Me: *waddles away with pants around ankles*
colonel mustard’s first name is dijonathan
idk about you but I still remember what I was doing when I found out Kennedy had been shot: sitting at home, reading the JFK Wikipedia page
Science Teacher: outside these walls, there are bullies. but in the classroom, there is only science
[I smile and look into my microscope where an amoeba flips me off]
We can’t afford a Trump presidency. The money spent alone on hundreds of new White House door knobs for his wee-baby hands would bankrupt us
[first night in hell]
This isn’t so bad, really. I expected worse.[6 AM, waking up to every neighbor mowing their lawn]
ARE YOU KIDDING ME
“We’re not buying another toy until Mommy gets laid!” might not be the most appropriate thing to yell in ToysRUs.
“Welcome to Panda Express”
“I’d like one panda”
“Sorry we don’t sell pand-”
*slips cashier $100*
“Meet me in the back alley in ten minutes”
7AM, Sunday: Just dropped the dog off at little league practice, walked the goldfish and flushed 8 down the toilet. I’ll get a new one so my kid doesn’t notice.
*takes sip of coffee* ..wait
TACOS DRINK A LOT BUT
Them: you have such a youthful face! What’s your secret?
me: *plucking an auburn hair and burning it in the eternal flame while muttering incantations* oh I just wash it with water
Thunder is fake. It doesn’t even sync up properly with lightning. There’s some guy who waits till he sees lightning and then he presses the thunder button.
Me high af: are you in line?
Mannequin:
Welcome to your forties, when you start saying things like “This store isn’t open yet? It’s almost 7am!”
Remember , for some unknown reason Santa doesn’t make batteries .
words that seem cool until you find out what they mean
– atrophy
– space bar
– supervision
– extraction
– dogmatic
I don’t know what it means, but my stomach just made a sound I once heard in the woods back in 1993.
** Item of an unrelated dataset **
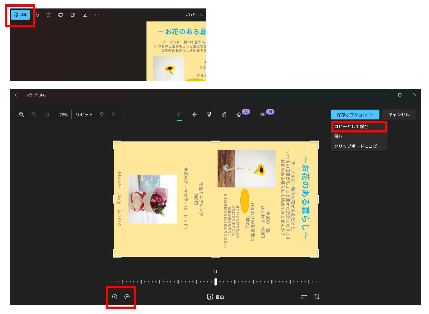 Windowsで画像を開き、編集モードにし回転させてから保存をしてください。

I’m the kind of girl people don’t look twice at
Even when I hit them hard with a shopping trolley one, two, thr…
Yep, now he’s looking
Toddler: *crying bc it isn’t her turn with the princess crown*
Me: Sweetie, you need to share
Husband: Just give her the crown, you’re 35
You can tell A LOT about a Woman’s mood just by looking at her hands…
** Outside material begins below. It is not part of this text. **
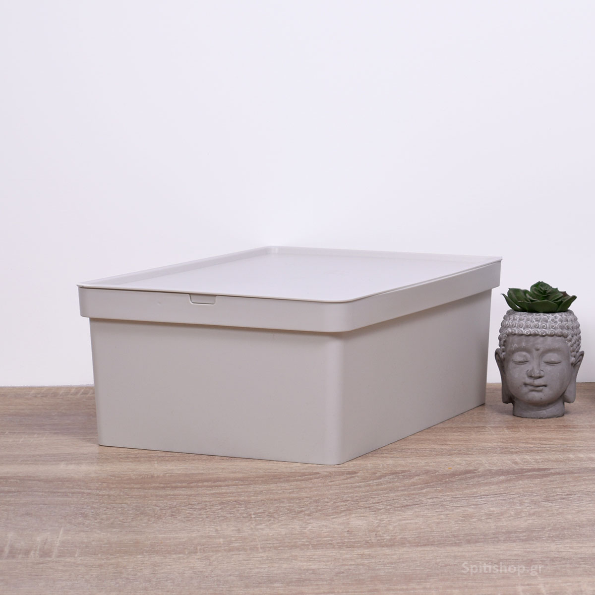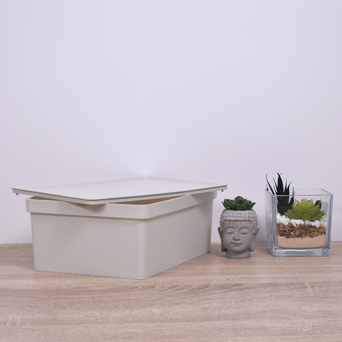 Κουτί αποθήκευσης μεγάλο 690-02 της εταιρείας Viomes, κατασκευασμένο από ανθεκτικό πλαστικό υλικό σε γκρι-εκρού απόχρωση. Διαθέτει καπάκι ώστε να προστατεύεται το περιεχόμενο του και να μπορεί να στοιβαχτεί σταθερά το ένα κουτί πάνω στο άλλο. Είναι κατάλληλο για να αποθηκεύσετε ότι επιθυμείτε και να οργανώσετε διάφορα αντικείμενα καθημερινής και μη χρήσης. Ο διακριτικός και μίνιμαλ σχεδιασμός του το καθιστά ιδανικό για όλους τους χώρους σπιτιού όπως υπνοδωμάτια, μπάνιο, κουζίνα, σαλόνι και τραπεζαρία. Είναι ιδιαίτερα χρήσιμο και στα παιδικά δωμάτια, καθώς διαθέτει στρογγυλεμένες γωνίες. Συνδυάστε το με κουτιά Nova μεγαλύτερης διάστασης ή διαφορετικής απόχρωσης για ένα ολοκληρωμένο αποτέλεσμα. Τα προϊόντα Viomes είναι ελληνικής κατασκευής και εξαιρετικής ποιότητας.

…for example…If she’s holding a gun? She’s probably pissed.
[casting call]
-have u acted before?
*shows VHS of me at a food court eating free samples like I might purchase the meal
-oh this guys good
bank website: you have one password attempt remaining before we kill your entire family
*Belle falls in love with Beast*
Everyone: STOCKHOLM SYNDROME!! Called it!
*Belle speaks to furniture*
Everyone: this is fine
Soft pretzels come one of two ways:
– no salt
– enough salt for ten miles of roadway before a snowstorm
Mixology students be like, “My mint leaf dissertation needs to slap.”
[fraud trial]
Lawyer: is it true these numbers are all fake?